#### [Supplied records]
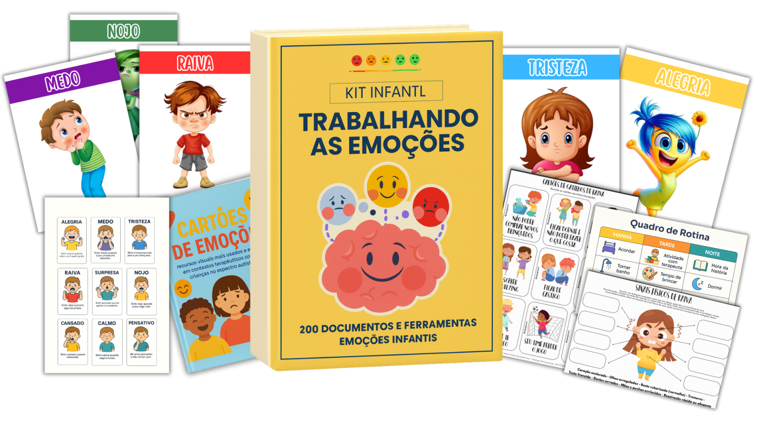 O Kit de 200 Documentos e Ferramentas emoções Infantis, oferece tudo o que você precisa para conduzir sessões lúdicas, intervenções terapêuticas e ações educativas com segurança e intencionalidade.
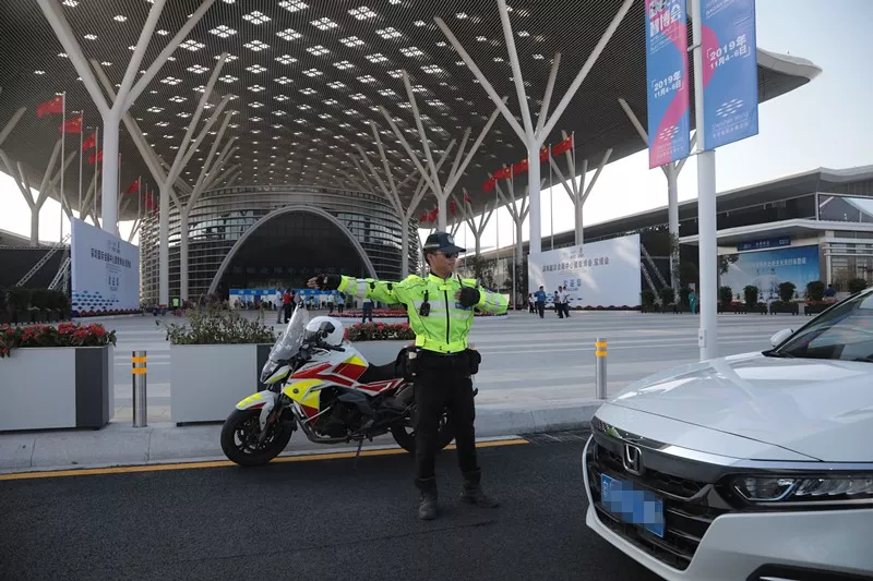 為確保現(xiàn)場交通正常通行,杜絕車輛違停等交通違法現(xiàn)象,深圳交警在展會期間對周邊交通加以管控。以深圳國際會展中心為中心,由內(nèi)至外分為交通核心區(qū)、交通管控區(qū)和交通疏導區(qū)。
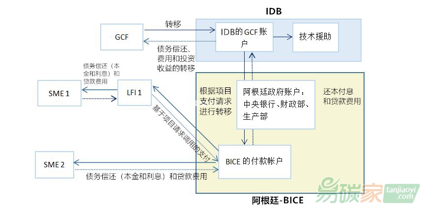 對于第二部分,GCF資金將轉(zhuǎn)移到阿根廷共和國,然后阿根廷共和國將資金轉(zhuǎn)移到BICE,以便BICE在專用的循環(huán)賬戶中管理和使用。BICE需要保持其共同融資水平,只有這樣才能利用GCF融資發(fā)放貸款,否則就要償還GCF提供的資金。
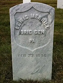 Merrill died in Philadelphia, Pennsylvania on February 27, 1896.[9] He is buried in Arlington National Cemetery.[10]
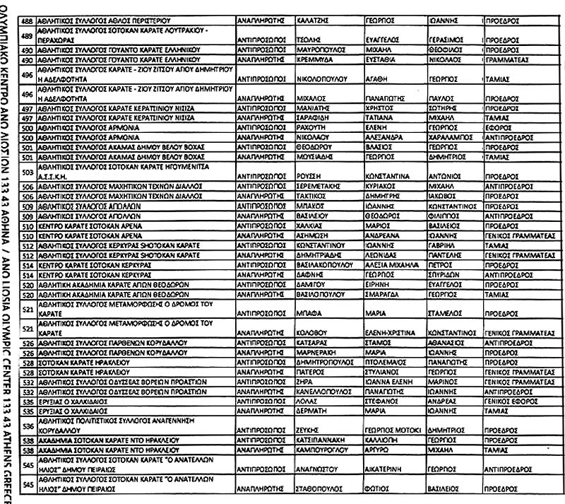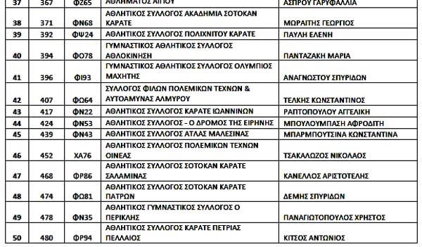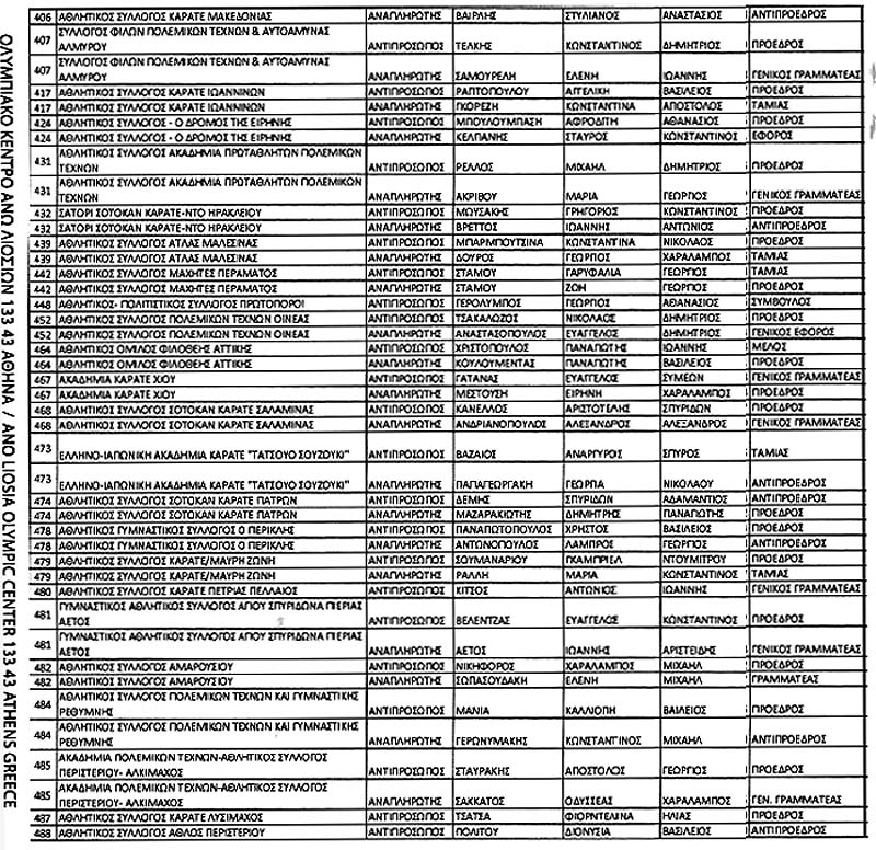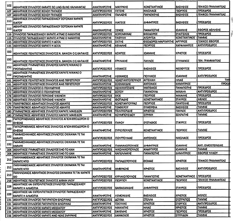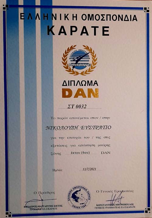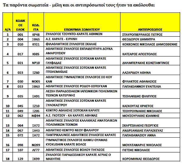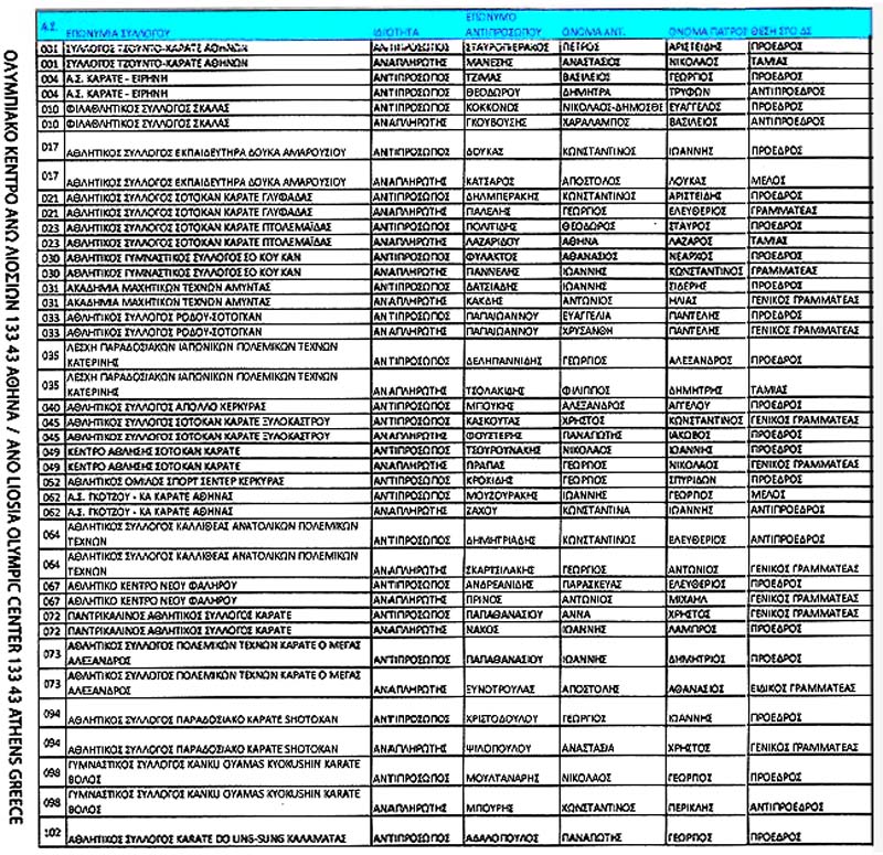 Γιώργος Σανιώτης: 7ο Νταν στο Jeet Kune-Do, Νικήτας Ζαρουχλιώτης: 7ο Νταν στο Kanazawa Karate-do, Νίκος Καραϊσκάκης: 7ο Νταν στο Sudoku Karate-do, Άρης Κραββαρίτης: 7ο Νταν στο Mali tis Grias Karate-do, Γιώργος Μπίκας: 7ο Νταν στο No-Karekla Karate-do, Χρήστος Μπουλούμπασης: 7ο Νταν στο Prostima Erxontai Karate-do, Στράτος Νικολούδης: 7ο Νταν στο Pata Gazi Karate-do, Τετσούο Οτάκε: 7ο Νταν στο Chalandri Karate-do, Πέτρος Πάσης: 7ο Νταν στο Pussycat Karate-do, Παναγιώτης Σταθόπουλος: 7ο Νταν στο Mavri Cobra Karate-do, Σταύρος Σταυριανίδης: 7ο Νταν στο Okinawa Te-Tai Karate-do, Δημήτρης Τσακατάνης: 7ο Νταν στο Antonio Mufa Karate-do, Παναγιώτης Χονδροματίδης: Double Monkey Karate-do, Ηλίας Χρήστου: 7ο Νταν στο Mavri Soupia Karate-do!

#### [Brief]
Repeat exactly the stretch of the listing above that starts with the line holding "對于第二部分,GCF資金將轉" and finishes with the line holding "Merrill died in", both included. Skip every picture.

#### [Answer area]
 對于第二部分,GCF資金將轉(zhuǎn)移到阿根廷共和國,然后阿根廷共和國將資金轉(zhuǎn)移到BICE,以便BICE在專用的循環(huán)賬戶中管理和使用。BICE需要保持其共同融資水平,只有這樣才能利用GCF融資發(fā)放貸款,否則就要償還GCF提供的資金。
 Merrill died in Philadelphia, Pennsylvania on February 27, 1896.[9] He is buried in Arlington National Cemetery.[10]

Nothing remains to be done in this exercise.